A resistor 3 Mega ohms and a capacitor of 350 mirco F are connected in series to a 50V power supply. Calculate the time constant.
Do I need to solve for an actual number? I'm confused
The time constant of an RC circuit is the time it takes the capacitor to charge or discharge 63.2% (= 1 - 1/e) of the way when the circuit is open or closed.

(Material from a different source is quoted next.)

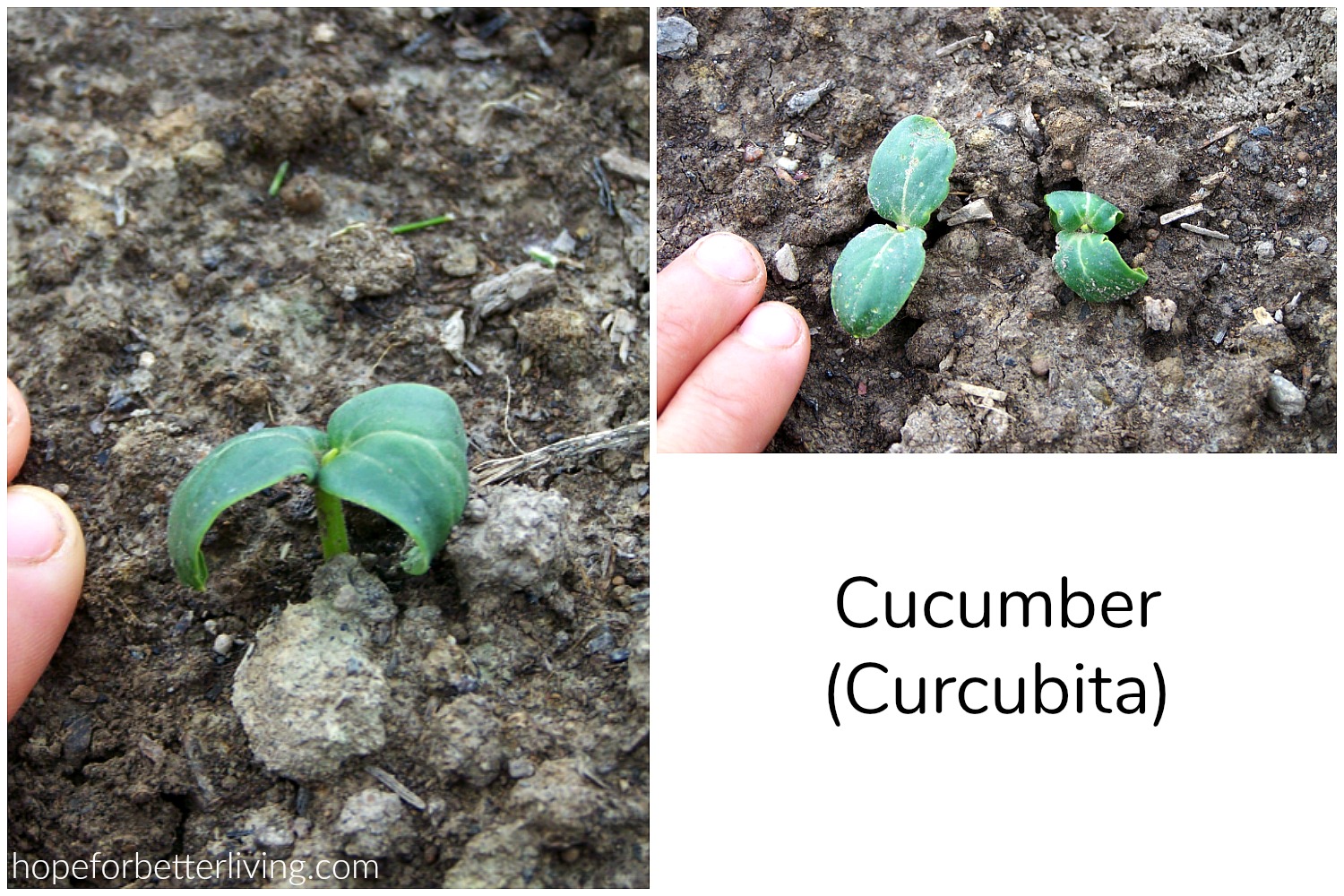 The squash family seedlings are very large and while the young plants vary in size (cucumbers are smaller than zucchini or pumpkin), they all have the same distinct, large green leaves growing opposite one another on their short stems. The list includes:

The time constant equals RC.
In your case, that is 1050 seconds or 17.5 minutes. You don't need to know the voltage.
Thanks so much..okay for part b it saysto find the current at a time when the charge on the capacitor has aquired 90% of its maximum value.
Do I use the same equation or time constant for this?
The charge on the capacitor after closing the circuit is
Q = C V [1 - e^(-t/RC)]
Note the appearance of the RC "time constant" in this equation. I showwed earlier that RC = 1050 seconds
The maximum value of the charge (which occurs when t approaches infinity)is
Qmax = CV
When Q = 0.90*CV,
[1 - e^(-t/RC)] = 0.9
e^(-t/RC) = 0.1
t/RC = 2.3026
t = 2418 seconds = 40.3 minutes
To calculate the time constant, you need to know the values of the resistor (R) and the capacitor (C) in the given circuit.
In this case, the resistor value is given as 3 Mega ohms (3 MΩ) and the capacitor value is given as 350 micro farads (350 µF).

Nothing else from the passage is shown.